Hat sich Carsten Wohlers erleichtern wollen?
Kurz nach dem Tod ihres Schwiegersohns Carsten habe die Polizei gefragt, ob Carsten Wohlers noch etwas gesagt habe. Hat er sich erleichtern wollen? „Die glauben immer noch, dass er es war“, erzählt Frauke Osterndorff. „Sie müssen sich mit dem Gedanken anfreunden, dass es ihr Vater gewesen sein kann“, bekommen die Kinder laut eigener Aussage noch 2022 zu hören, nachdem der Fall in den Jahren davor noch mal als Cold Case begutachtet worden ist. Für die Polizei sei der Fall abgeschlossen. Drei der mutmaßlichen Täter seien ja auch tot.

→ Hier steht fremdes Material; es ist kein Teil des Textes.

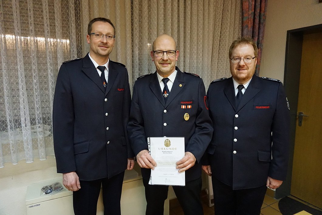 Ausgehend vom alljährlichen Leistungsnachweis konnte Jannis Göke das Feuerwehrleistungsabzeichen in Bronze in Empfang nehmen. Mark Rode erhielt das Leistungsabzeichen in Silber, Johannes Schlüter und Michael Schrick in Gold. Die Sonderstufe Gold auf blauem Grund für die zehnmalige Teilnahme am Leistungsnachweis erhielten Julian Gogrewe und Lukas Giefers. Für 15-malige Teilnahme erhielt Ulrich Knipping das Leistungsabzeichen in Gold auf rotem Grund.

Offiziell teilt die Polizei auf Nachfrage der Nordsee-Zeitung mit, dass die Ermittlungen abgeschlossen sind. „Es wurden im Rahmen der Cold-Case-Bearbeitung auch retrograd alle rechtlichen Möglichkeiten und kriminaltechnischen Untersuchungsmöglichkeiten ausgeschöpft. Ein hinreichender Tatverdacht gegen eine Person hat sich leider insgesamt nicht konkretisiert“, so Pressesprecher Stephan Hertz von der Polizeiinspektion Cuxhaven. Weitere Ermittlungsansätze seien nicht erkennbar oder vorhanden. Auch neuere kriminaltechnische Untersuchungsmöglichkeiten hätten keine neuen Beweise erbracht.

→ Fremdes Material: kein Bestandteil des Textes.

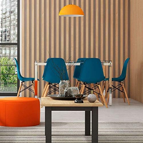 Conjunto Com 4 Cadeiras Eames Premium Azul Petroleo Base Madeira

Weitere Auskünfte zu Detailfragen, wie sie die Nordsee-Zeitung gestellt hat, „werden wir nicht erteilen“. Das liege auch daran, dass man sonst Täterwissen der Öffentlichkeit preisgibt. Die „Tatbegehung“ lasse grundsätzlich den Schluss zu, „dass der oder die Tatverdächtige ein persönliches Motiv zur Tötung des Opfers gehabt haben dürfte“.
Da Mord nicht verjährt, hofft die Familie auch heute noch auf Hinweise, die helfen, den Täter zu fassen - und eines ist für sie klar: Carsten Wohlers hat seine Frau nicht getötet.